Or not. Because here’s one thing the bond markets and the central banks have starkly revealed of late: Postpandemic financial life is terra incognita. No one knows how long it will take to return to normal, or even what normal looks like any more. As the Bank of Canada kicks interest rates up to push inflation down in a bearish economy, a generation of bond traders – babies of 60 who’ve rarely had to sell a bond at a loss – are quietly tearing their hair out. (They’re a tightly wound crowd.) In the opaque and complex world of fixed-income investing, everything old is suddenly new again.


Frank J. Fabozzi’s Handbook of Fixed Income Securities (9th ed., $147.65 new), first published 38 years ago, is still the standard bond-trading text in business schools across the land. “Bonds are instruments of debt; the bond issuer borrows money from the bond investor,” Prof. Fabozzi declares in paragraph one of Page 1.

He lists nine basic categories of fixed-income investments, and 15 types of risk to which they are subject. (Interest rates are top of the pile.) The text, often chloroform in print, needs 1,800 pages divided into 72 chapters to describe the infinite variety of products and hedges and pledges the indebted have created over the centuries to convince others to lend them money.

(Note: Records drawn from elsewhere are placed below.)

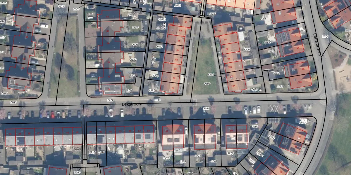 Het perceel waarop Lekstroom 76 staat heeft een oppervlakte van 187 m². Dit is een middelgroot perceel. De perceeloppervlakte wordt geregistreerd door het Kadaster. Gedetailleerde informatie over de maten van dit perceel kunt u vinden in het rapport Kadastrale kaart met maatvoering van Lekstroom 76.
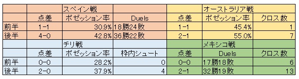 まずは最初の表を見てほしい。オランダの決勝トーナメント1回戦までの4試合の前後半の数値だ。
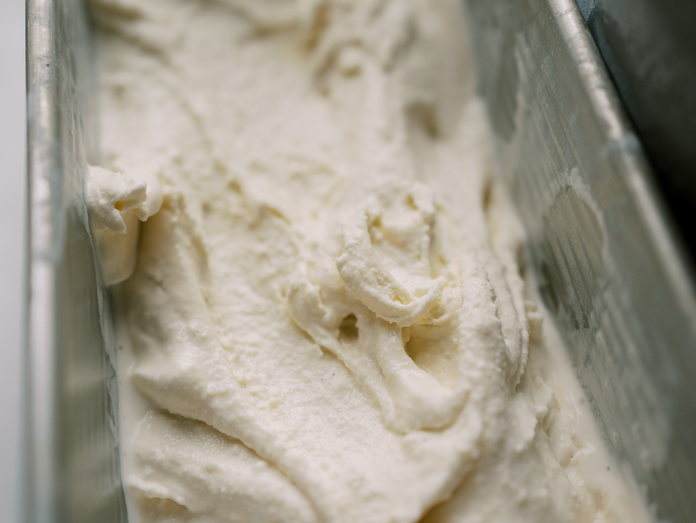 - Transfer the churned ice cream into a freezer safe container and freeze until firm and scoopable.
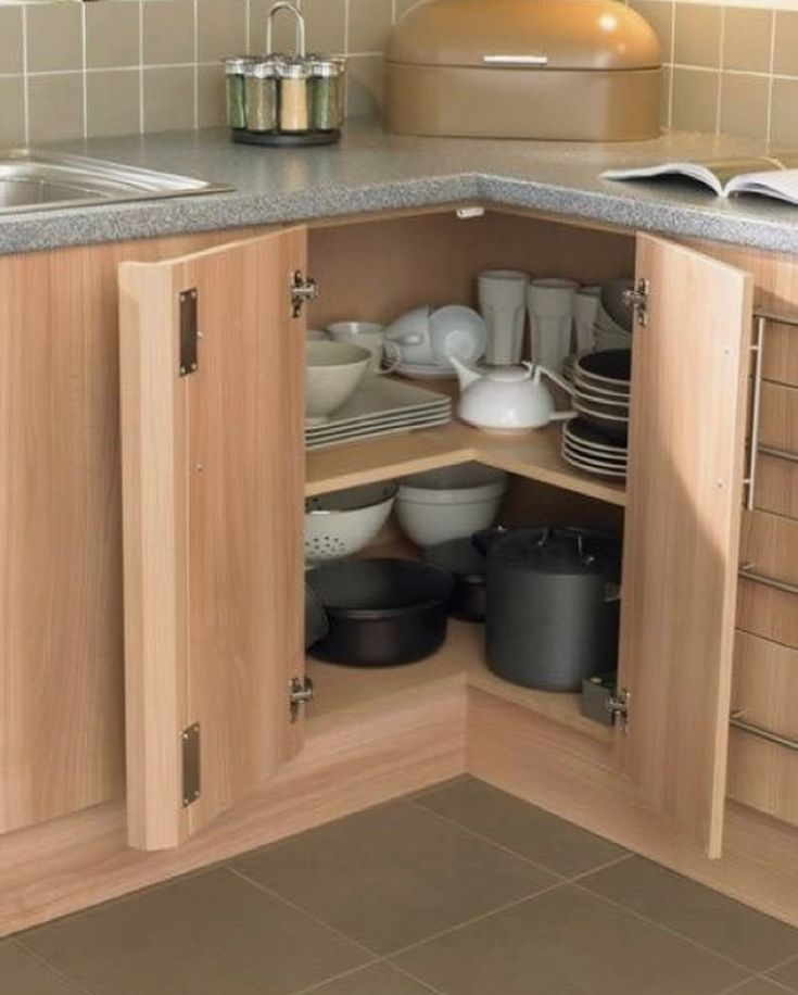 Ecke der Küche könnte sein gerade sowie abgeschrägt. Die letztere Option ist in geräumigen Räumen vorzuziehen, da sie mehr Platz "frisst".
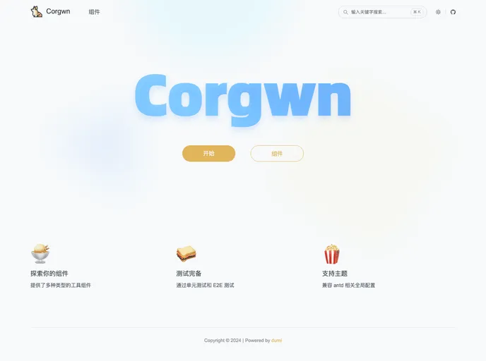 The "CI corgii codecov npm (tag)✨" theme is a feature-rich theme developed using TypeScript. It offers multiple types of utility components, comprehensive testing capabilities, and the ability to customize components using @corgwn/hooks. Additionally, it is compatible with Ant Design's global configuration. The installation process involves installing the theme using npm and importing the theme's components into your project.
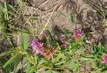 绛车轴草是豆科车轴草属的一年生草本植物。绛车轴草茎直立或上升,粗壮,被长柔毛,具纵棱;掌状三出复叶,托叶椭圆形,小叶宽倒卵形或近圆形;花序圆筒状,顶生;荚果卵圆形,种子褐色;花果期5-7月。…全部>>
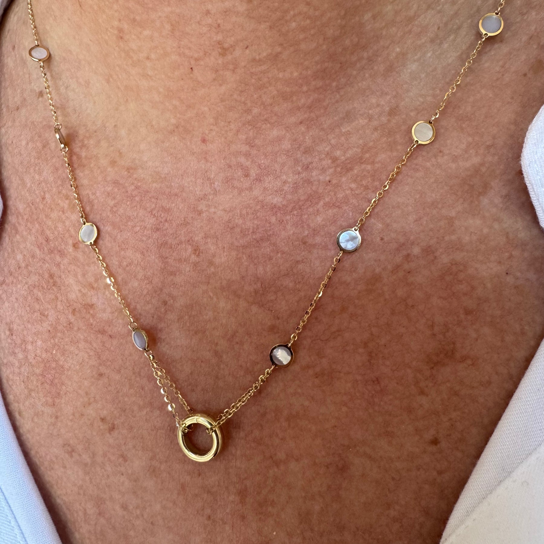 Mother of Pearl Disk and Carabiner Necklace

But at the end of the day, that’s all a bond is, whatever shape it takes: an IOU to be paid back in full, with interest, by a certain day in the future.

The current outstanding value of all those IOUs, globally, is US$125-trillion. The bond market dwarfs all the world’s stock markets put together, which traded roughly US$61-trillion in 2019. Hundreds of billions of dollars worth of bonds are bought and sold and hedged and swapped and churned every day. Everybody talks incessantly about the stock market, is obsessed with the stock market, thinks the stock market is somehow the supreme measure of financial and economic health, because the stock market is easier to grasp and understand.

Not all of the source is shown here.